Una cosa talmente grossa da tramortire tutti per qualche anno così che lei possa prendere la porta lasciata aperta e scappare, una cosa così terrificante da fornire un alibi perfetto per tutti: penseranno che lei sia ancora ferita e allora tutto sommato la lasceranno in pace perché tanto è danneggiata e non si può aggiustare una cosa così danneggiata, e quindi tanto vale lasciare perdere.
Ma la verità è che quello che è successo lei l’ha superato da anni, non è certo quello il problema.
Quello che proprio non perdonerà mai è che l’abbiano quasi ammazzata perché non era mediocre come loro.

Zaandam (zan zan!)

Rae Earl, My Mad Fat Diary, SS 01-03 (UK, 2013-2015)

Rae Earl, My Mad Fat Diary, SS 01-03 (UK, 2013-2015)

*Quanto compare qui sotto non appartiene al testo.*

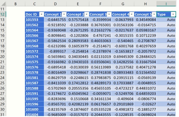 First, we’ll need to append a new column with the class that the document is currently assigned: electronics or autos. Since we sorted our documents at the beginning of the example starting with Autos, we can simply enter “Autos” into column I for Document IDs 101553 through 103096 (or cells I13:I162) and enter “Electronics” into column I for Document IDs 52434 through 53879 (or cells I163:I312). Give the column the title "Type".

Mi rendo conto che la mia guarigione dalla psicosi e il mio ingresso nel mondo dei sani passa per l’accettare che questo è solo un blog, non il grande romanzo americano. Non c’è la regia di Sergio Leone.
Del resto nessuno di voi, immagino, si aspetta nè sospetta il contrario, no?
E, nel caso in cui invece sì, sareste voi quelli da ricoverare: non io a dover aspettare di avere due o trecento ore a disposizione per poter produrre ottima prosa. No?
Ad ogni modo.
Una delle monomanie preferite dai miei familiari è sempre stata quella di coltivare la convinzione che fuori dall’isola non sia presente tutta una serie di cose. Una serie molto lunga, molto. Negli anni è stata ridimensionata, ma restano incrollabili tre punti: fuori dall’isola non c’è il pane, non c’è il sole e non c’è il gelato. Dunque a che vale vivere?
Io ho sempre trovato molto ridicola questa cosa: tenetevi il cazzo di gelato, ho sempre pensato, così avrete qualcosa di buono da leccare mentre date il soldino al parcheggiatore che a sua volta dà il soldino a uno che sua volta dà il soldino a uno che a sua volta dà il soldino a uno che però ha anche un panificio dove fanno il pane buono. E andate anche a cacare, aggiungevo, se non aveste almeno clima mite e picchi glicemici si mobiliterebbe Amnesty International, il Live Aid l’avrebbero dedicato a voi.
Questo per dire che mi sono stupita molto quando ho cominciato realmente a sentirmi un poco meglio il giorno in cui ho scoperto che le ciliegie olandesi sono buone proprio come quelle italiane, e ne ho mangiate talmente tante da non ricordarmi se il plurale si scrive con o senza “i”.

Zaandam 29.06.2015

Zaandam 29.06.2015

A parte questo, due giorni dopo il mio compleanno qualcuno mi ha lasciato dei mandarini nella borsa della bicicletta. La prima cosa che ho pensato è stata “Ma i mandarini?! Siamo a luglio quasi!”. Questo pensiero stronzo mi pone ancora di fatto in salvo dalla zona-cucciolosa delle Amelié Poulain di stocazzo.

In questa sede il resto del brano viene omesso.